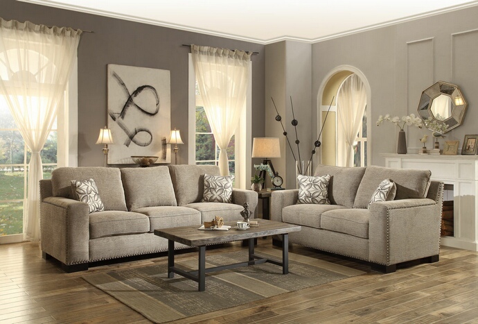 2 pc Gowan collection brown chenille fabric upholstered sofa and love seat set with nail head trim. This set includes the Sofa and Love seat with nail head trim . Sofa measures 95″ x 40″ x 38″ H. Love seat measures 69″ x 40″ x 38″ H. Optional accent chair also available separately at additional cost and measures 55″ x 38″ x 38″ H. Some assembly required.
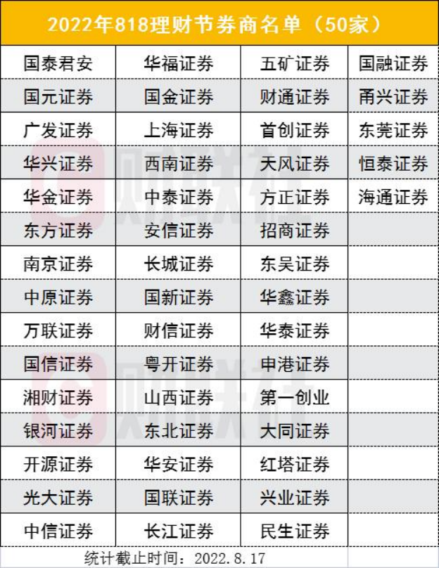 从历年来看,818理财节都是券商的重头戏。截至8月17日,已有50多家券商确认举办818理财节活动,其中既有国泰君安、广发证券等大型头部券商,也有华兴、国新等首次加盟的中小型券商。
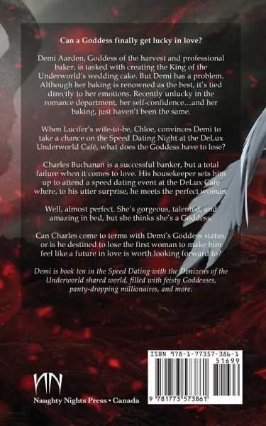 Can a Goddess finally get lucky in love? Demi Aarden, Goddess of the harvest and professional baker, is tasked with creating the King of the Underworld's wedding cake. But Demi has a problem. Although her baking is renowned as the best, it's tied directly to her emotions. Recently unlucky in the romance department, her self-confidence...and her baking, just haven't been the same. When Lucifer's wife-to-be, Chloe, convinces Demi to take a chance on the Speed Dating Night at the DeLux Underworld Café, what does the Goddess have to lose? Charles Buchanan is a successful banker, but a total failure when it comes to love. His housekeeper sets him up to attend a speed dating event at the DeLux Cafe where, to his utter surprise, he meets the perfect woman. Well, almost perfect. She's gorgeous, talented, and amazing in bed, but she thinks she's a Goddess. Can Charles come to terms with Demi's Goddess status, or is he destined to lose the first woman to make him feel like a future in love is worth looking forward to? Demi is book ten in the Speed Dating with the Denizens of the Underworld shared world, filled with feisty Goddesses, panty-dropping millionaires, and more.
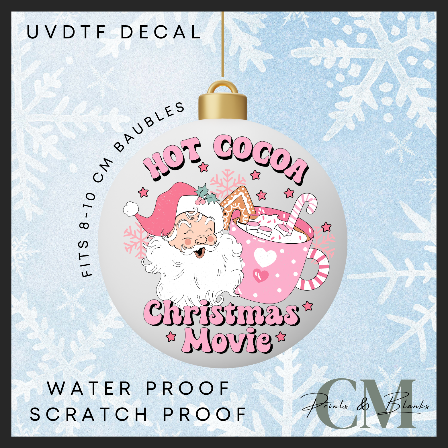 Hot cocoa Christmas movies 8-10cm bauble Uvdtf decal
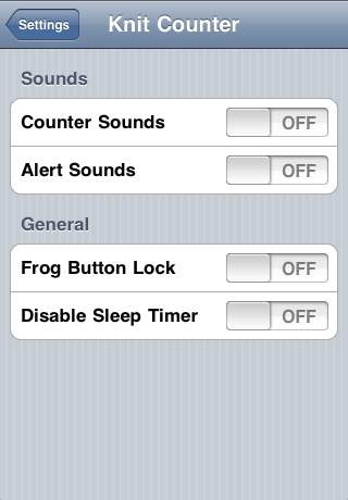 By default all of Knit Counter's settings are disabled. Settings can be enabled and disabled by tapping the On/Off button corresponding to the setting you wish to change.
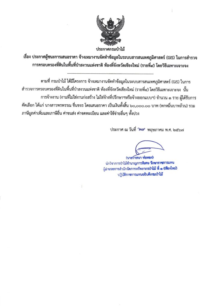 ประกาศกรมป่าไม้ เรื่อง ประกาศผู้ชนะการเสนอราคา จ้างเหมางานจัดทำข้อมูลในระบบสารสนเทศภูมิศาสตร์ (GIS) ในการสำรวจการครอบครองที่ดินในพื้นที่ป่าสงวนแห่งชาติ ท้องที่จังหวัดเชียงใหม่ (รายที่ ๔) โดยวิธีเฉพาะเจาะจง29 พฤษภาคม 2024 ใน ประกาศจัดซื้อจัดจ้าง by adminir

### Work instruction
Both ends included, copy the lines from the one holding "Hot cocoa Christmas" to the last line of the entries exactly, with all pictures left out.

### Task result
 Hot cocoa Christmas movies 8-10cm bauble Uvdtf decal
 By default all of Knit Counter's settings are disabled. Settings can be enabled and disabled by tapping the On/Off button corresponding to the setting you wish to change.
 ประกาศกรมป่าไม้ เรื่อง ประกาศผู้ชนะการเสนอราคา จ้างเหมางานจัดทำข้อมูลในระบบสารสนเทศภูมิศาสตร์ (GIS) ในการสำรวจการครอบครองที่ดินในพื้นที่ป่าสงวนแห่งชาติ ท้องที่จังหวัดเชียงใหม่ (รายที่ ๔) โดยวิธีเฉพาะเจาะจง29 พฤษภาคม 2024 ใน ประกาศจัดซื้อจัดจ้าง by adminir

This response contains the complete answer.